START INPUT DATA

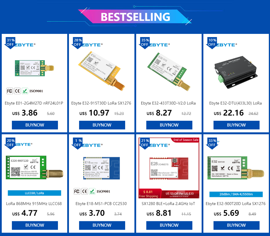 Магазина CDEBYTE IoT Module Store работает с 20.11.2019. его рейтинг составлет 96.8 баллов из 100. В избранное добавили 1899 покупателя. Средний рейтинг торваров продавца 4.9 в продаже представленно 1005 наименований товаров, успешно доставлено 3919 заказов. 1031 покупателей оставили отзывы о продавце.
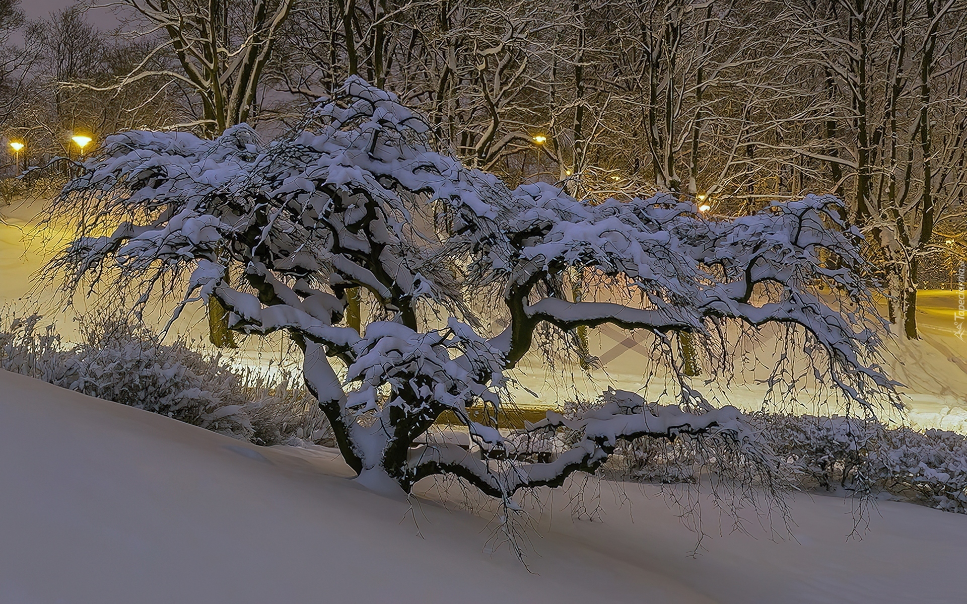 Edytor tapety: Zima, Śnieg, Niskie, Krzywe, Drzewo
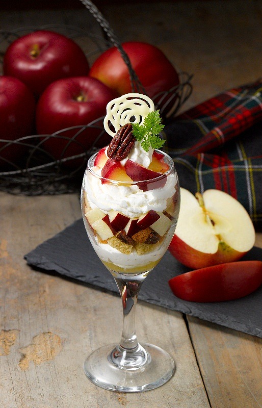 フレッシュなりんご、焼きりんご、りんごのソルベやゼリーなど、1つのパフェの中で、層ごとに異なる味わいを楽しめるようになっています。

END INPUT DATA

The images are to be left out; every line above should be set down exactly.

 Магазина CDEBYTE IoT Module Store работает с 20.11.2019. его рейтинг составлет 96.8 баллов из 100. В избранное добавили 1899 покупателя. Средний рейтинг торваров продавца 4.9 в продаже представленно 1005 наименований товаров, успешно доставлено 3919 заказов. 1031 покупателей оставили отзывы о продавце.
 Edytor tapety: Zima, Śnieg, Niskie, Krzywe, Drzewo
 フレッシュなりんご、焼きりんご、りんごのソルベやゼリーなど、1つのパフェの中で、層ごとに異なる味わいを楽しめるようになっています。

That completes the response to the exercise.